In one of his wittiest and most trenchant posts on the odious Paul Krugman, the luminous Ira Stoll in www.futureofcapitalism today takes note of a blog by the Princeton professor and New York Times columnist, who wrote that, “The memory of 9/11 has been irrevocably poisoned; it has become an occasion for shame. And in its heart, the nation knows it.” Krugman concluded his blog by informing his readers that his blog would be closed to comments. Now there’s a stunning example of his respect for a free exchange of ideas. As Stoll writes,
It’s probably not worth using up one of your 20 monthly free nytimes.com page views to go look at the actual post. To me, though, almost more amazing than Professor Krugman’s shame is his position on allowing comments. If he believes that “in its heart, the nation knows” that it is ashamed, why not allow comments from all those readers who want to say, “you know what, Professor Krugman, you are right, I am ashamed to be an American on September 11, thank you for voicing what I knew in my heart”? Actually, his refusal to allow comments amounts to a confession that he’s wrong.

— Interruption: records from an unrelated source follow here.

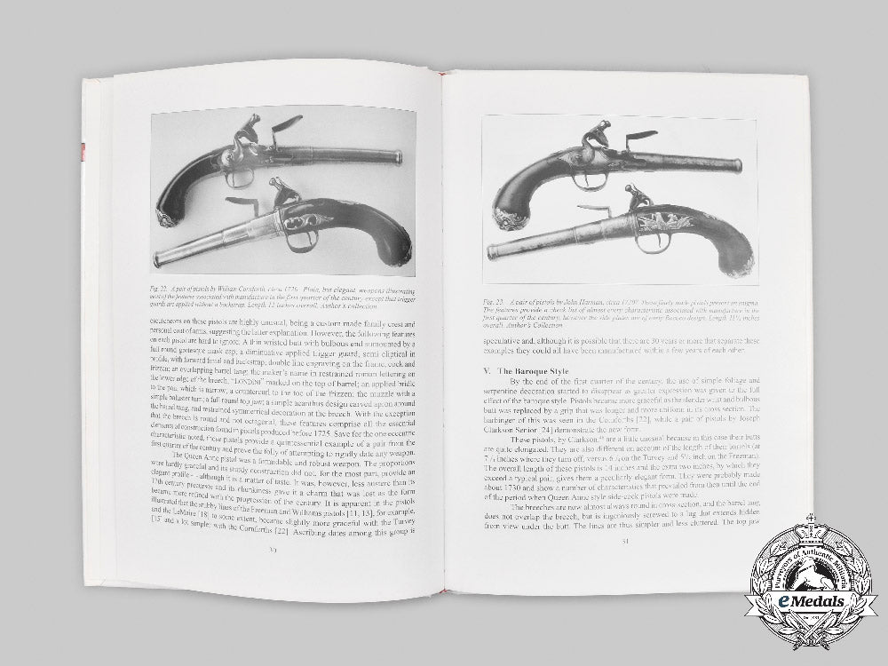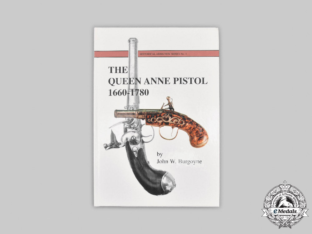 Hardcover, with a laminated paper finish bearing photographs, entitled "The Queen Anne Pistol 1660-1780: A History of the English Turn-off Pistol", by John W. Burgoyne, published and printed in Canada by Museum Restoration Service of Bloomfield, Ontario and Alexandria Bay, New York in 2002, ISBN 0-88855-015-4. The purpose of this book is to fill a gap in the arms literature and to trace the development of the design and decoration of a uniquely English type of pistol known colloquially as the Queen Anne or, more correctly, as the turn-off pistol. This distinctive breech-loading arm was developed in the middle years of the seventeenth century but found popularity during the reign of the monarch (1702-1714) by whose name it is known. It continued to be made until about 1780. With a comprehensive text and almost 200 illustrations, the styles and decoration from the mid-seventeenth century, through the baroque and rococo designs imported from France that were adapted by English gunmakers, came to produce a particularly accurate and distinctive pistol. It begins with a Table of Contents, followed by an author's Foreword. The book is divided into four parts: Part 1: Origins and Design (I - Mechanical Characteristics; II - Continental Influence and the Huguenot Immigation; III - The Seventeenth century turn-off pistol; IV - The Queen Anne Pistol; V - The Baroque Style; VI - The Rococo Style; VII - The Truncated Form; VIII - Fixed Barrels; IX - Pocket Pistols; X - Boxlock Pistols; XI - Superimposed and Multi-shot Pistols); Part 2: Decoration and Silver Mountings (XII - Butt Caps; XIII - Side Plates; XIV - Escutcheons; XV - Wire Inlay; XVI - Carving); Part 3: Safety Features (XVII - Safety Mechanisms); Part 4: A Concluding Observation. It concludes with five Appendices (1 - Queen Anne Powder Testers; 2 - Some Comments on Barrel Wrenches; 3 - A List of Queen Anne Type Gunmakers; 4 - Glossary of Queen Anne Pistol Terms; 5 - Bore and Caliber) and Endnotes. The book contains 114 pages, printed in black ink, on a coated white paper stock, measuring 183 mm (w) x 262 mm (h) x 12 mm (d). Near extremely fine.
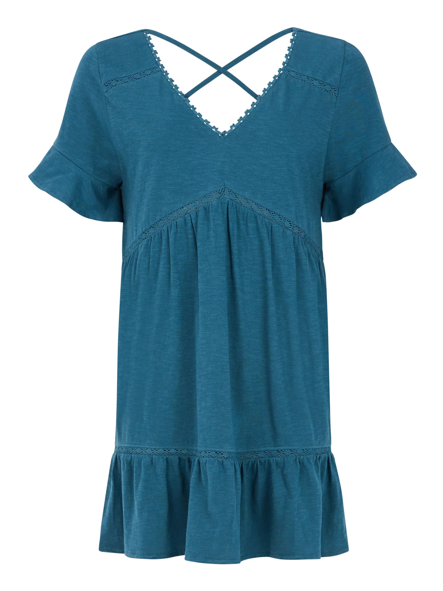 Překřížená ramínka vzadu dodávají klasickému designu tuniky stylový šmrnc.
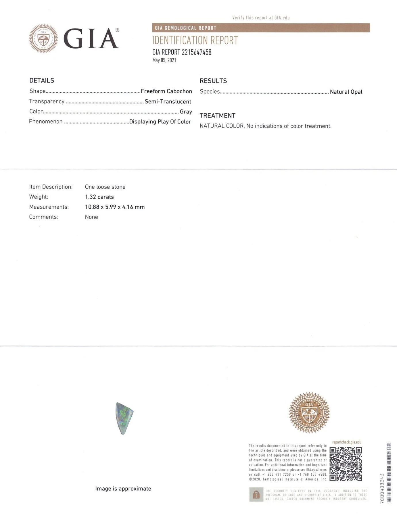 Unique 1.32 Ct Grey Opal measuring 10.88 x 5.99 x 4.16 mm with a freeform cabochon cut. The natural color on this opal is beyond stunning! Origin: Australia. Treatment: None. Please see the certification for additional information.
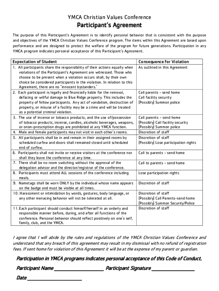 Get the free Ymca Christian Values Conference Participant's Agreement
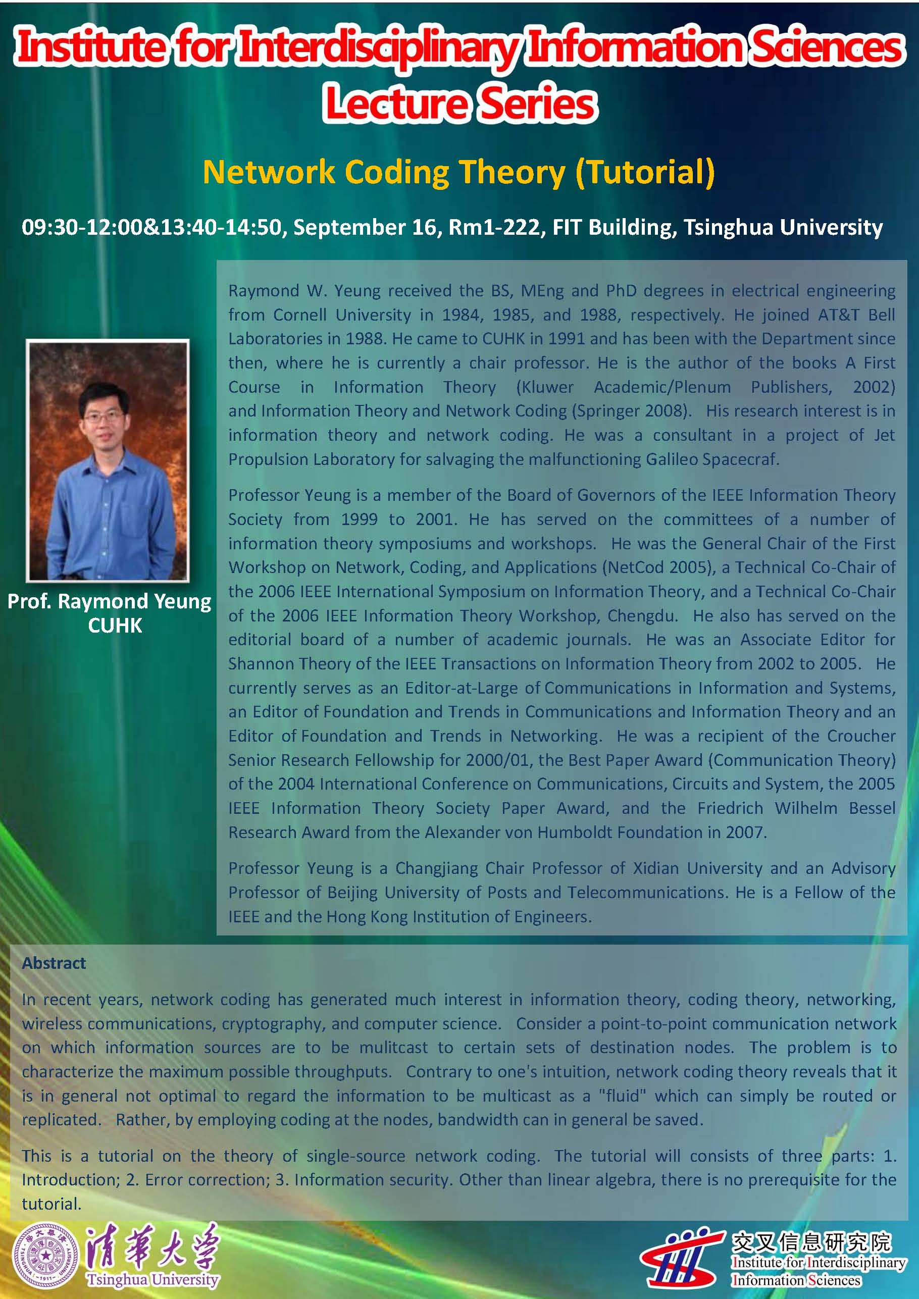 演讲人 Raymond Yeung CUHK 时间 2011-09-16 09:30-2011-09-16 14:50

Also worth remarking upon is the arrogance on display. “I’m not going to allow comments.” As if the decision on whether to allow readers the chance to react to Professor Krugman’s shame rests with Professor Krugman and Professor Krugman alone. Here I am commenting regardless of whether Professor Krugman “allows” me to or not. The only thing he can control is whether some of the commenting happens on the New York Times Web site or whether it all happens somewhere else.
And here’s another comment for the egregious Krugman on yet a second website: What kind of American would even think such a thought, much less publish it? A shameful one, one who should be forever ashamed of himself and shunned by every American patriot around the globe. That’s what kind.